Алексей шел за Кравцом и, глядя на его запыленные ноские сапоги, думал, как неожиданно и даже странно все повернулось. Он считал, что все кончено, а выяснилось, что нет, и надо многое додумать. За спиной слышались голоса остальных. Алексей не прислушивался к ним и, наблюдая, как из-под сапог Кравца катятся кусочки глины, думал.
— Вот тебе, Лёкса, и Мамаев курган, — говорил Кравец, не оглядываясь. — На него взойти нелегко, не то что отбивать штурмом. Если загремишь с него кувырком, то загремишь…
— Да-а… — соглашался Алексей, мало понимая его слова.
Все эти дни он жадно присматривался к работе сталинградских коллег. Видел много интересного. Но вера в себя в нем возрастала, и свое казалось даже лучшим. Тем более, что некоторые показатели у него теперь была выше, чем у Кравца. Однако так было, пока Алексеи не побывал у него дома.
Он шел к нему, готовясь подтрунивать над жактовской квартирой, над уютом, созданным чужими руками, над пятым этажом, где тот обязательно должен был жить. "Скажу, на Мамаев курган, верно, легче подняться", — мысленно подготовил он шутку. Но все оказалось не так, как предполагал Алексей.
Кравец жил в белом саманном домике, обсаженном кустами акации. Среди старательно подметенного двора желтела сложенная из кирпича-сырца низенькая плита, на которой в чугунках что-то варилось. За проволочной сеткой в клетках сидели красноглазые кролики. В огороде, примыкавшем ко двору, росли помидоры, кукуруза, цвели георгины, зрели полосатые арбузы, и на всем виднелись следы заботливых рук.
Их встретила молодая приветливая женщина к проведя в дом, тут же ушла, наверно, хлопотать по хозяйству. Это успокоило Алексея и настроило более благосклонно к Кравцу. Он снисходительно усмехнулся и, не прося разрешения, пошел осматривать комнаты. В передней, в кухне, столовой стояла необычная, белая мебель.
— Чехословаки, Лёкса, подарили, — сказал Кравец, следуя за ним. — В прошлом году приезжали. Умеют, брат, вещи делать.
— На больницу похоже, — возразил Алексей.
Но последняя комната удивила его больше всего.

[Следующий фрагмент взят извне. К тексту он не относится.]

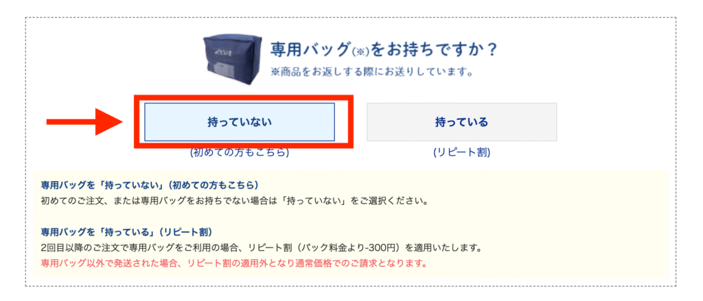 衣類クリーニングの場合は、確認画面で「専用バッグの有無」を聞かれます。初めて利用する場合は「持っていない」を選べばOK。集荷の際に段ボールを持ってきてもらえます。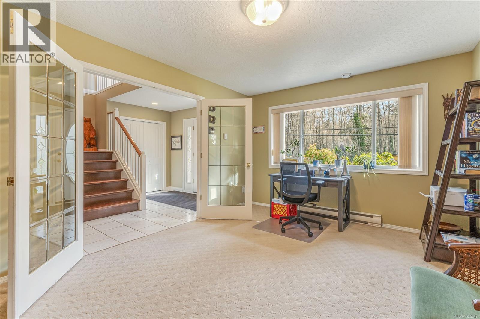 This South facing two story 3200 sq ft home in Mill Bay's idyllic Deer Park features several recent updates that allows you a seamless flow between indoor and outdoor living. Situated on a private fully treed.34 of an acre which includes east side RV parking along with a newly built workshop for the hobby enthusiast. Inside, you'll marvel at the grand foyer which leads to the traditional floorplan featuring two distinct levels, consisting of 4 bedrooms & 3 baths along with a front office/den, with the full in-law suite, complete with separate bath & bedroom all on the ground level. Upstairs enjoy the Cherry hardwood & the new natural gas fireplace in the quaint cozy living room offering separate dining and featuring the Chefs kitchen with adjoining family room including newer built-ins. You'll feel at home as the tour leads you to the fully covered deck & upscale private backyard oasis for family and friends to enjoy all year long with shopping, schools and recreation in close range. (30412198)
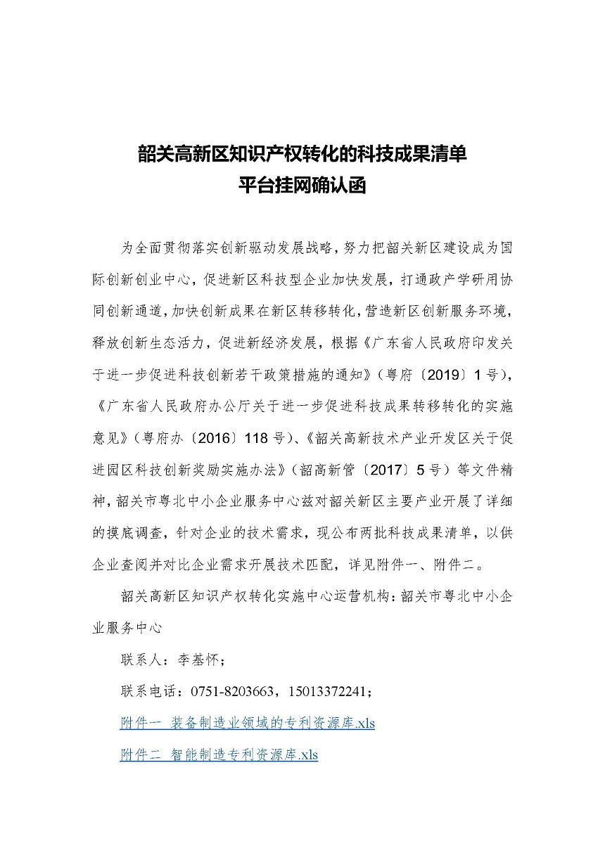 韶關(guān)高新區(qū)知識產(chǎn)權(quán)轉(zhuǎn)化的科技成果清單公示.docx

Это была не то спальня, не то кабинет. Во всю большую глухую стену на самодельном стеллаже стояли книги. Сквозь неширокое окно в комнату лилось солнце. Его косые лучи не падали на стеллаж, а как бы отгораживали Алексея от него и полосой ложились на пол.
Алексей, будто перед ним был ручей, переступил через солнечную полосу и, как слепой, дотронулся до стеллажа.
— Учишься, а?
И тут Алексея встретила новая неожиданность. Подойдя к письменному столу и щурясь от солнца, он сел в кресло и взял со стола фотокарточку в рамке, стоящую на стеклянной подставке рядом с чернильным прибором.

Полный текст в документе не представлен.